Welcome back to Four-Color Bullet! The reviews aren’t quite so plentiful as last week, but let’s get down to business!
My pull list this week consisted of The All-New, All Different Avengers #10 from Marvel, Moon Knight #3 from Marvel, Civil War II #1 from Marvel, Rebirth: Green Arrow, Rebirth: Superman, Rebirth: Batman, and Rebirth: Green Lanterns. All number ones and all from DC Comics. In ANAD Avengers, the all new, all different team go on their first space mission to find Nova’s dad. By Mark Waid and Mahmud Asrar. In Moon Knight, Marc and company continue their escape from the mental asylum, which may or may not be an illusion crafted by Ammut, servant of the god Seth. By Jeff Lemire and Greg Smallwood. In Rebirth: Green Arrow #1, the start of DC’s new status quo continues as Green Arrow and Black Canary are inexplicably drawn together, just in time to investigate the disappearance of Seattle’s homeless. By Benjamin Percy and Otto Schmidt. In Rebirth: Batman #1, Batman takes on the Calendar Man, and recruits a new ally. By Scott Snyder and Tom King and Mikel Janin. In Rebirth: Superman #1, the pre-Flashpoint Superman takes over the role after the death of the New 52 Superman.

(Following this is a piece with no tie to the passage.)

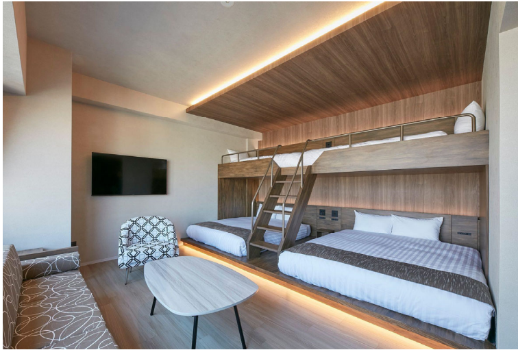
お部屋写真 (FAV HOTEL KUMAMOTO)

If you haven’t been keeping up with Superman, like I haven’t, I would suggest picking up the eight-issue mini Superman: Lois and Clark before reading this one. It might allay some of the confusion. In Rebirth: Green Lanterns #1, Corps trainer Hal Jordan literally forces Lanterns Simon Baz and Jessica Cruz of Sector 2814 to work as a team, and just in time to face a threat from the Manhunters. By Geoff Johns, Sam Humphries, Ethan van Sciver, and Ed Benes. Great books, all.
Another war begins. The spoils? The future.

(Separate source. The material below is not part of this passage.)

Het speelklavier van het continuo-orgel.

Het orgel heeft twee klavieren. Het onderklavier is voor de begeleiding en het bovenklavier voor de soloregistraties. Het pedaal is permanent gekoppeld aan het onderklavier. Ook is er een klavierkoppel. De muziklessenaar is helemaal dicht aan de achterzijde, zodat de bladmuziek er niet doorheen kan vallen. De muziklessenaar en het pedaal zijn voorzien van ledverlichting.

The Marvel Universe is about to have to choose sides. Friend will fight friend, and the line will be split down the center of the Marvel Universe. If this sounds like 2006’s Civil War, you’re not wrong. But the stakes are higher this time, and the shocks and twists are bound to be plentiful. The debate this time isn’t to register or not to register. This time it’s, if you have the means to change the future, do you?
Without giving spoilers away, because it’s possible some of you haven’t read it (and I don’t want to be that guy), “protect the future” or “change the future” are the choices the heroes find themselves up against when they discover a means to change the future. If you find out something bad is going to happen, do you stop it? If you find out that someone is going to grow up to be the worst tyrant the world has ever known, do you kill that someone? Is the future set in stone or will things happen differently? Where do you draw the line?
Captain Marvel and her team, The Ultimates, which exists by that very mission statement, to stop crimes before they happen, acts on information provided from the future, which results in the very unexpected death of a beloved B-list character. And as if that wasn’t bad enough, it results in the apparent death of still another important member of the Marvel U. And from there, things get nuts.
Writer Brian Michael Bendis is no stranger to big events, and he solidly delivers on this one. The story takes off at page one, with almost all of Marvel herodom assembled. David Marquez and Justin Ponsor knock it out of the park with art and colors. Clean, and crisp, exciting visuals from both.
This is more than a fight from government oversight. There is a big decision to be made. Because Captain Marvel’s group acted before an agreement could be reached on how to use this new, prophetic tool, there’s a price to be paid. I think we’re all suffering from event fatigue, but this is one to take a deep breath and hop into. This is just the beginning, and you won’t want to miss out on what happens here. Be sure to read the issue before you see spoilers. The Marvel Universe is about to explode. The next big event is here, and there will be blood.
That’s it for this week. Not to sound like a DC shill, but go check out Rebirth if you haven’t already. I think you’ll be pleased. I won’t give you your money back if you don’t like it, but we can always talk about it.